Start of Supplied entries

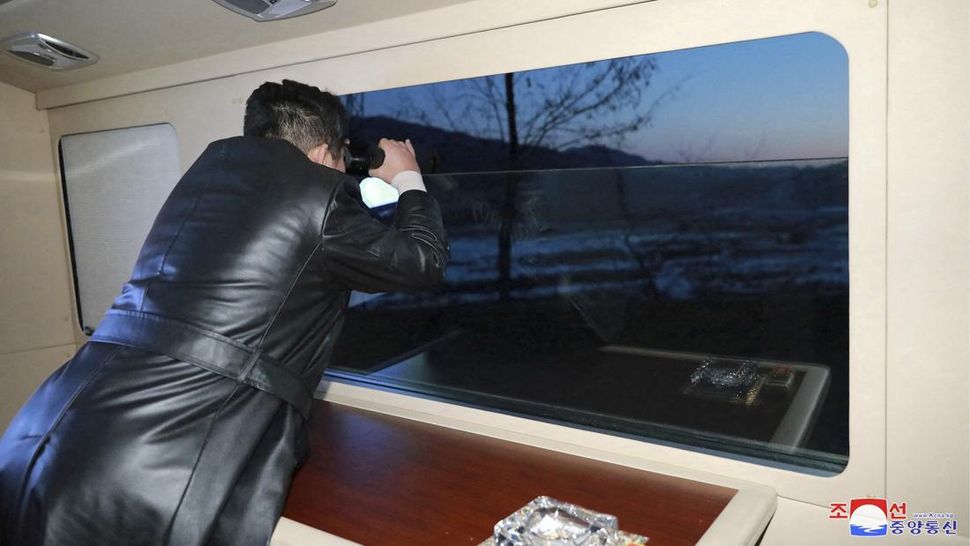 PurnaWarta – Dengan mantel kulit hitam, Kim Jong-un terlihat tengah memberi arahan saat menginspeksi uji coba peluncuran rudal hipersonik di sebuah lokasi yang dirahasiakan. (KCNA via REUTERS)
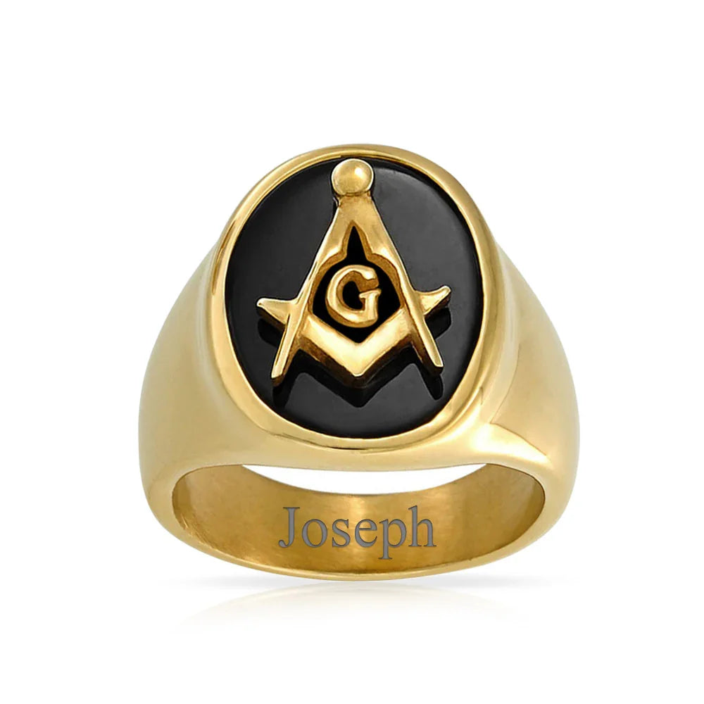 • ELEGANT DESIGN - Proudly showcase your brotherhood with this stunning men's Masonic ring, featuring a captivating two-tone design with simulated onyx resin set against gleaming gold-plated stainless steel. Available in size 7.
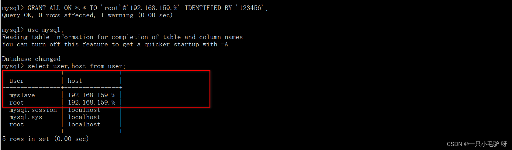 grant replication slave on *.* to 'myslave'@'192.168.159.%' identified by '123456';
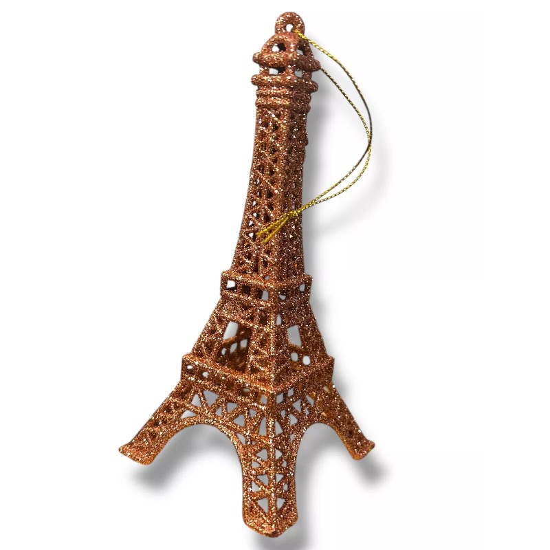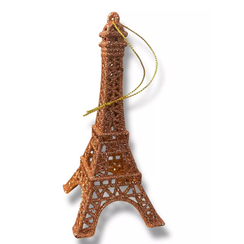 Unbranded EIFFEL TOWER ORNAMENT BRONZE GOLD GLITTER FRANCE STANDING CHRISTMAS NEW 5.5”
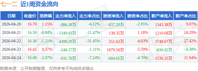 资金流向数据方面,本周七一二主力资金合计净流出7735.78万元,游资资金合计净流入727.63万元,散户资金合计净流入7008.15万元。本周资金流向一览见下表:
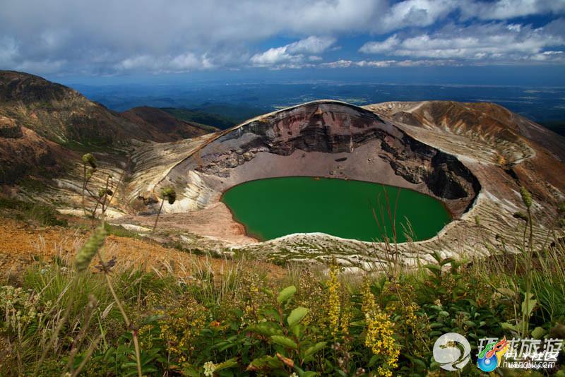 Zao火山位于日本的山形县和宫城县边界,有一系列成层火山构成。Okama火山湖也叫“五色塘”,因为湖水的颜色会随着天气而变化。湖泊直径360米,深60米,是本州主要的旅游景点之一。
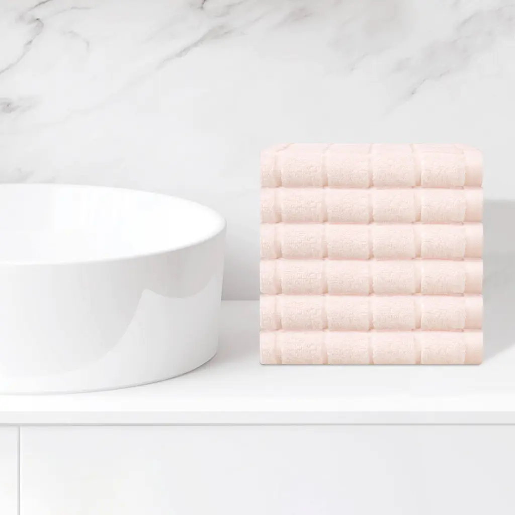 Cotton Face Cloths, Plaid Pattern Washcloths Set, Highly Absorbent And Fast Drying Towels For Bathroom 13" X 13" - Pink - 6 Pack
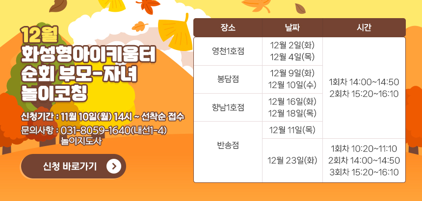 부모-자녀 놀이코칭(봉담점 11월 11일(화) 1회차 14:00~14:50)
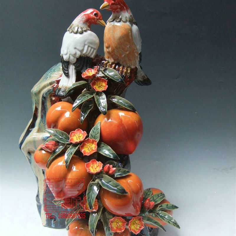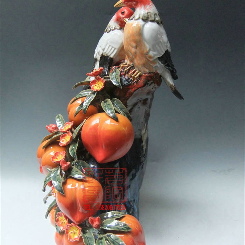 陶瓷工艺品 石湾公仔 福寿双至 寿桃摆件
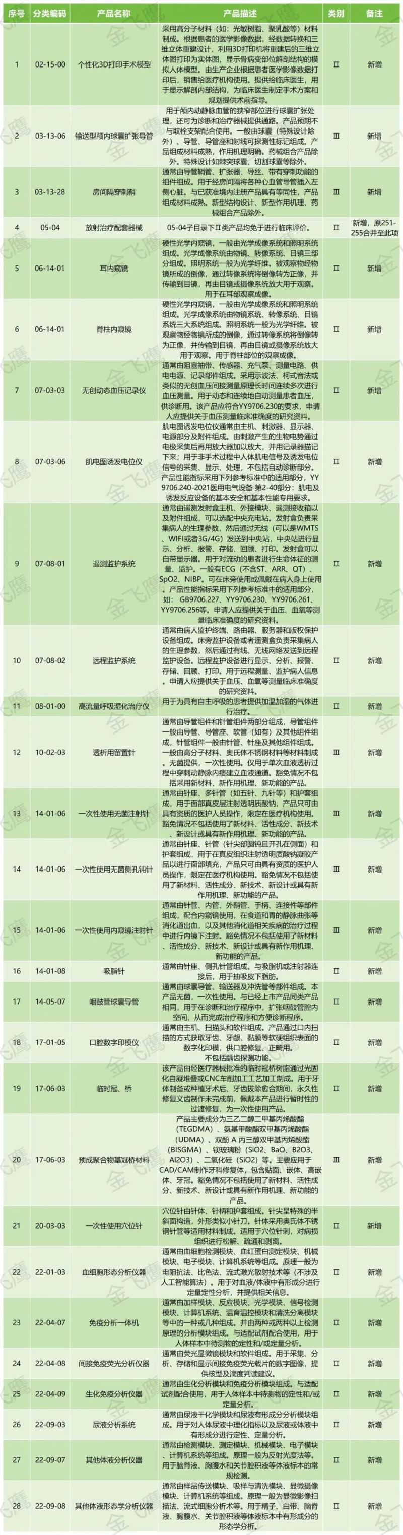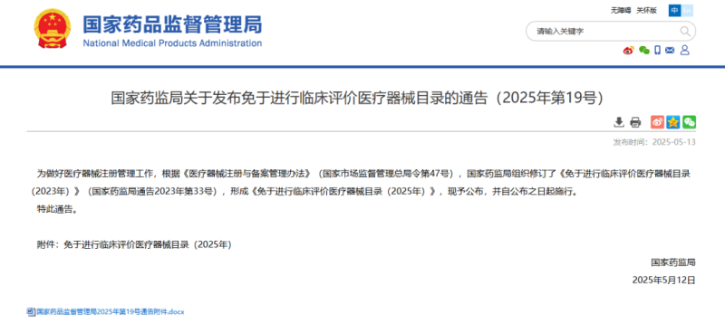 5月13日,國家藥監(jiān)局官網(wǎng)發(fā)布《免于進(jìn)行臨床評價醫(yī)療器械目錄(2025年)》(以下簡稱《目錄》),本次《目錄中共包含1047類(2023年為1025類產(chǎn)品,通過查看附件我們可以發(fā)現(xiàn),本次新增的免臨床產(chǎn)品包括個性化3D打印手術(shù)模型、無創(chuàng)動態(tài)血壓記錄儀、遠(yuǎn)程監(jiān)護(hù)系統(tǒng)、一次性使用無菌注射針(用于面部真皮層注射透明質(zhì)酸鈉)等。由于《目錄》全文字?jǐn)?shù)較多,不便在文章中全部展示,我們僅將本次新增的免臨床評價產(chǎn)品匯總?cè)缦?,以供相關(guān)企業(yè)參考:
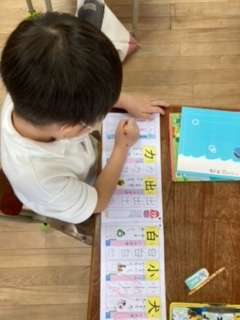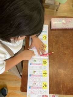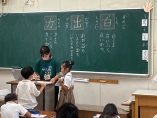 漢字の練習です。きれいに書いた字を見てもらっています。
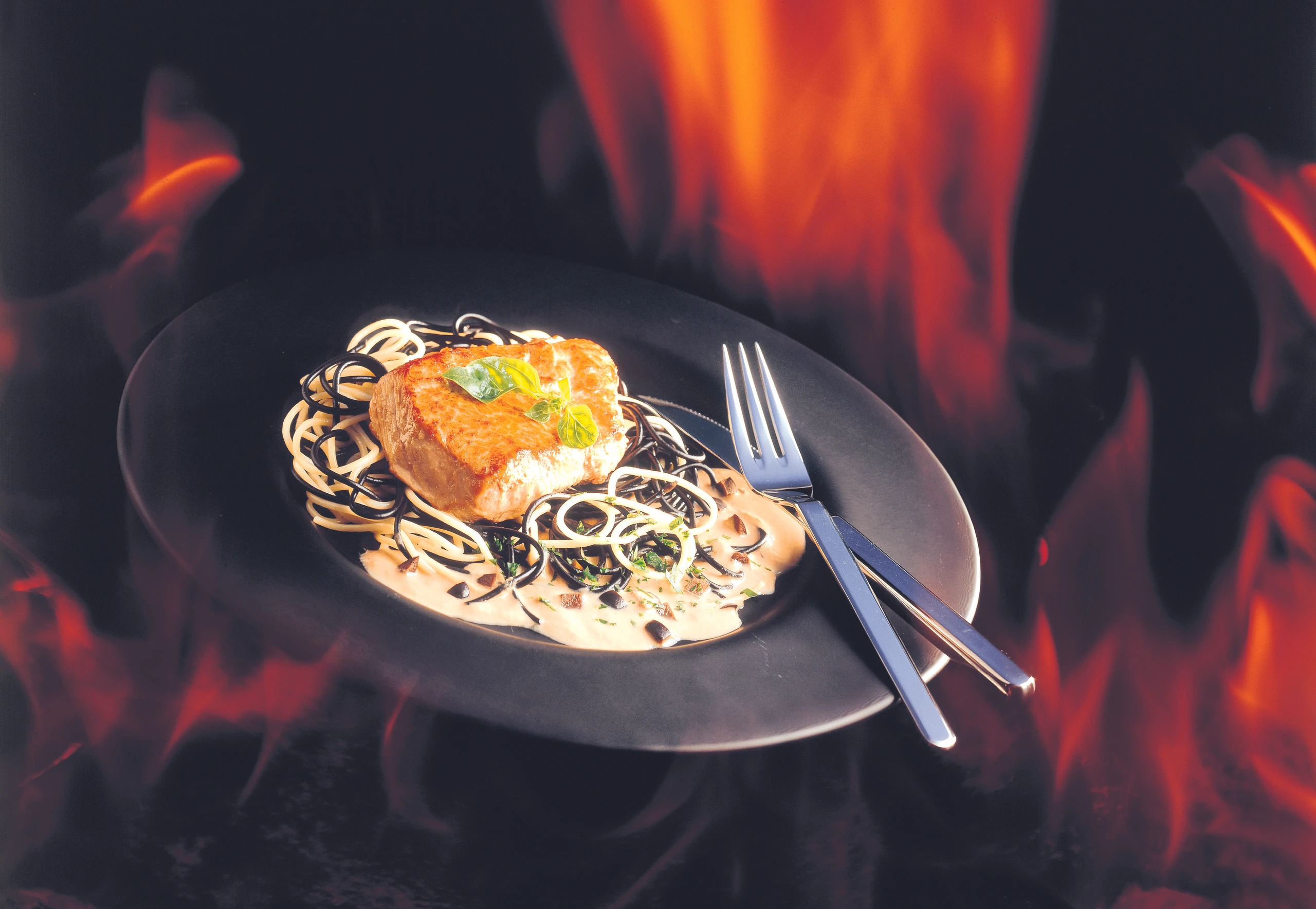 Basilikum in feine Streifen schneiden. Sauce mit Salz, Pfeffer und Zitronensaft würzen, Oliven und Basilikum einrühren. Steaks mit der Sauce auf Tellern anrichten, eventuell mit Basilikumblättern garnieren und mit Nudeln (siehe Rezept) servieren.

End of Supplied entries

Work to be completed: Quote verbatim every line starting at the line that contains "grant replication slave" and ending with the last line of the records; omit all pictures.

Your response:
 grant replication slave on *.* to 'myslave'@'192.168.159.%' identified by '123456';
 Unbranded EIFFEL TOWER ORNAMENT BRONZE GOLD GLITTER FRANCE STANDING CHRISTMAS NEW 5.5”
 资金流向数据方面,本周七一二主力资金合计净流出7735.78万元,游资资金合计净流入727.63万元,散户资金合计净流入7008.15万元。本周资金流向一览见下表:
 Zao火山位于日本的山形县和宫城县边界,有一系列成层火山构成。Okama火山湖也叫“五色塘”,因为湖水的颜色会随着天气而变化。湖泊直径360米,深60米,是本州主要的旅游景点之一。
 Cotton Face Cloths, Plaid Pattern Washcloths Set, Highly Absorbent And Fast Drying Towels For Bathroom 13" X 13" - Pink - 6 Pack
 부모-자녀 놀이코칭(봉담점 11월 11일(화) 1회차 14:00~14:50)
 陶瓷工艺品 石湾公仔 福寿双至 寿桃摆件
 5月13日,國家藥監(jiān)局官網(wǎng)發(fā)布《免于進(jìn)行臨床評價醫(yī)療器械目錄(2025年)》(以下簡稱《目錄》),本次《目錄中共包含1047類(2023年為1025類產(chǎn)品,通過查看附件我們可以發(fā)現(xiàn),本次新增的免臨床產(chǎn)品包括個性化3D打印手術(shù)模型、無創(chuàng)動態(tài)血壓記錄儀、遠(yuǎn)程監(jiān)護(hù)系統(tǒng)、一次性使用無菌注射針(用于面部真皮層注射透明質(zhì)酸鈉)等。由于《目錄》全文字?jǐn)?shù)較多,不便在文章中全部展示,我們僅將本次新增的免臨床評價產(chǎn)品匯總?cè)缦?,以供相關(guān)企業(yè)參考:
 漢字の練習です。きれいに書いた字を見てもらっています。
 Basilikum in feine Streifen schneiden. Sauce mit Salz, Pfeffer und Zitronensaft würzen, Oliven und Basilikum einrühren. Steaks mit der Sauce auf Tellern anrichten, eventuell mit Basilikumblättern garnieren und mit Nudeln (siehe Rezept) servieren.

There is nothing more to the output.